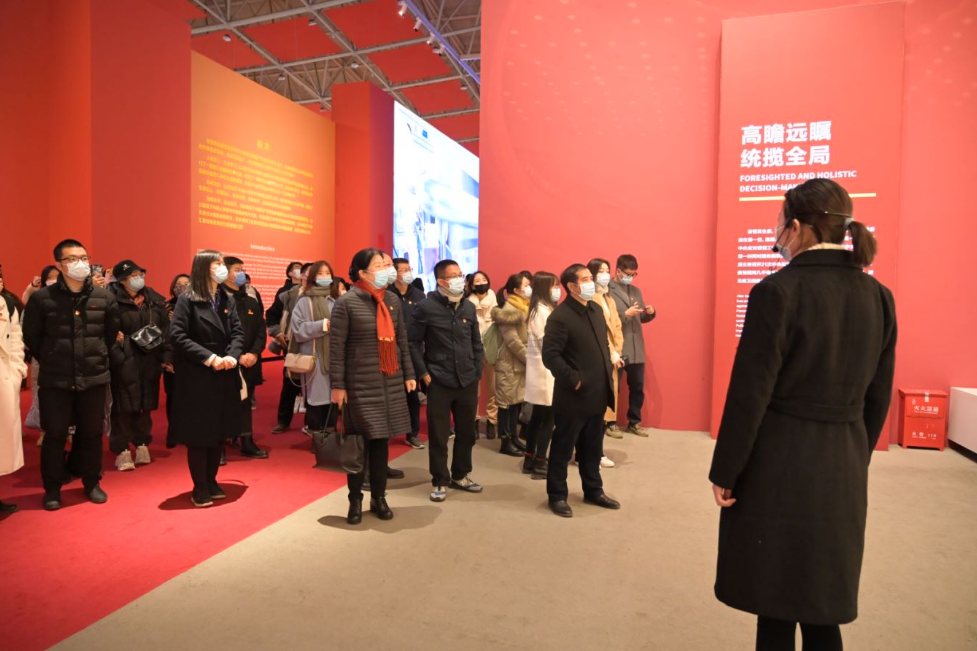 走进展厅,一条长长的时间轴,记录了疫情防控的44个重要时间节点,展区中央大屏幕上习近平总书记亲自部署、亲自指挥的部分视频令人感动,体现了总书记人民至上的为民情怀。在疫情面前,党员干部请缨出战灾区,身临抗疫一线,自觉担当作为;医务人员治病救人敢于冲锋在前,不畏生死疲劳;无数志愿者夜以继日,投身志愿全力以赴;多种力量各尽所能,各省市心系灾区,捐款捐物,辗转千里,对口支援,共渡疫情难关。在这场伟大斗争中,英雄的中国人民以大无畏的担当、舍生忘死的精神书写万众一心、决胜于疫的时代答卷。
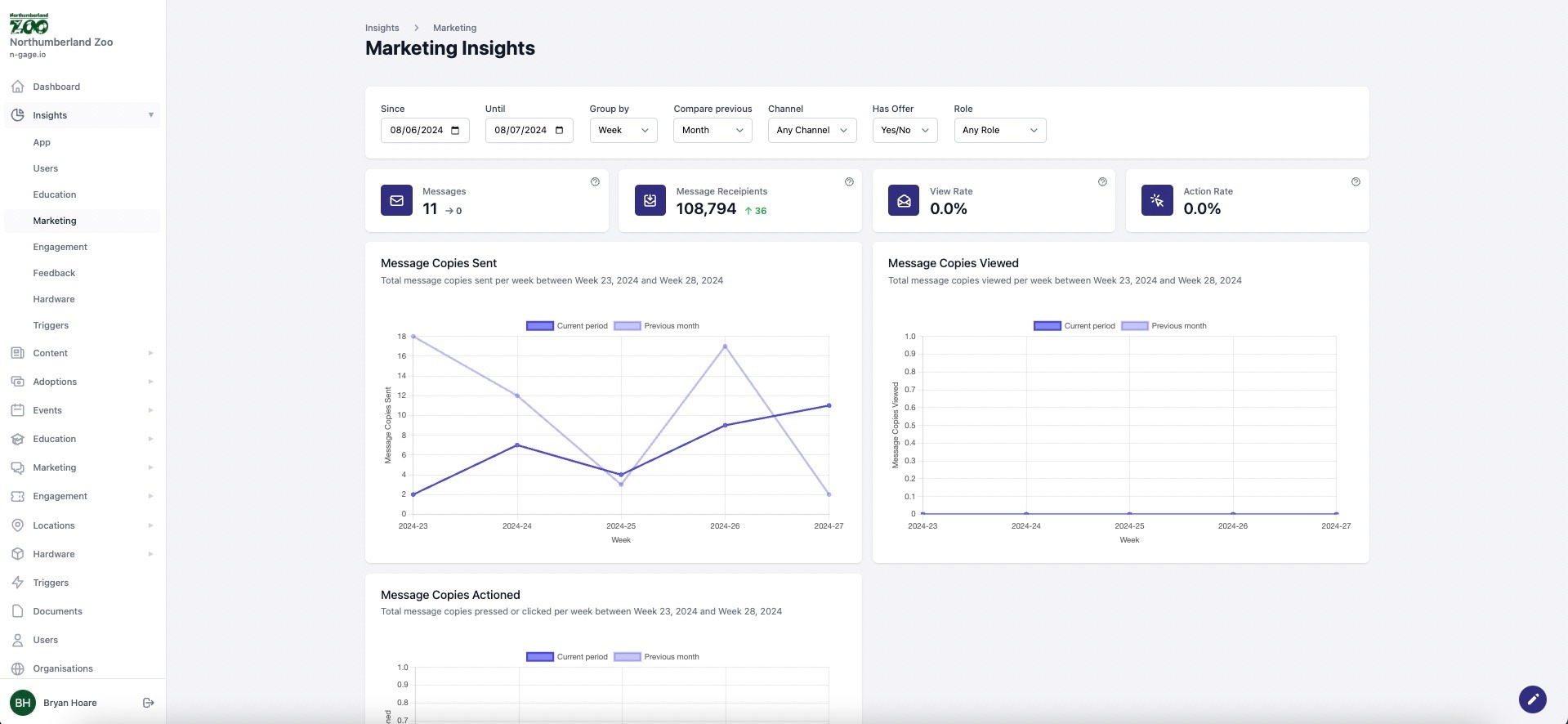 - The marketing insights screen provides real-time feedback on push notification and email marketing activity.
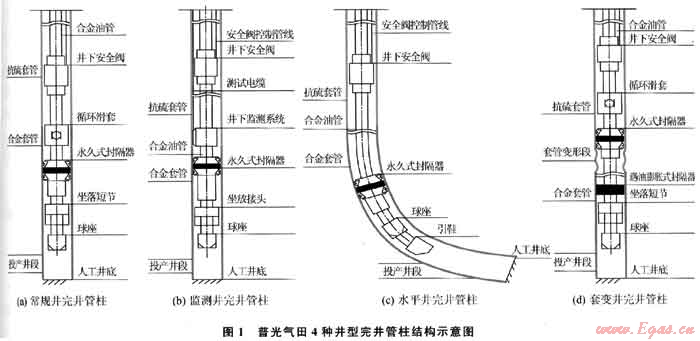 1) 普光高酸性氣田設(shè)計采用的常規(guī)井、監(jiān)測井、水平井、套變井等4種完井管柱,充分考慮到了高酚眭氣田的特殊安全要求,設(shè)計科學(xué),針對性強。

◆ To do: Pictures stay out; everything else in the listing above gets restated word for word.

◆ Task response:
 走进展厅,一条长长的时间轴,记录了疫情防控的44个重要时间节点,展区中央大屏幕上习近平总书记亲自部署、亲自指挥的部分视频令人感动,体现了总书记人民至上的为民情怀。在疫情面前,党员干部请缨出战灾区,身临抗疫一线,自觉担当作为;医务人员治病救人敢于冲锋在前,不畏生死疲劳;无数志愿者夜以继日,投身志愿全力以赴;多种力量各尽所能,各省市心系灾区,捐款捐物,辗转千里,对口支援,共渡疫情难关。在这场伟大斗争中,英雄的中国人民以大无畏的担当、舍生忘死的精神书写万众一心、决胜于疫的时代答卷。
 - The marketing insights screen provides real-time feedback on push notification and email marketing activity.
 1) 普光高酸性氣田設(shè)計采用的常規(guī)井、監(jiān)測井、水平井、套變井等4種完井管柱,充分考慮到了高酚眭氣田的特殊安全要求,設(shè)計科學(xué),針對性強。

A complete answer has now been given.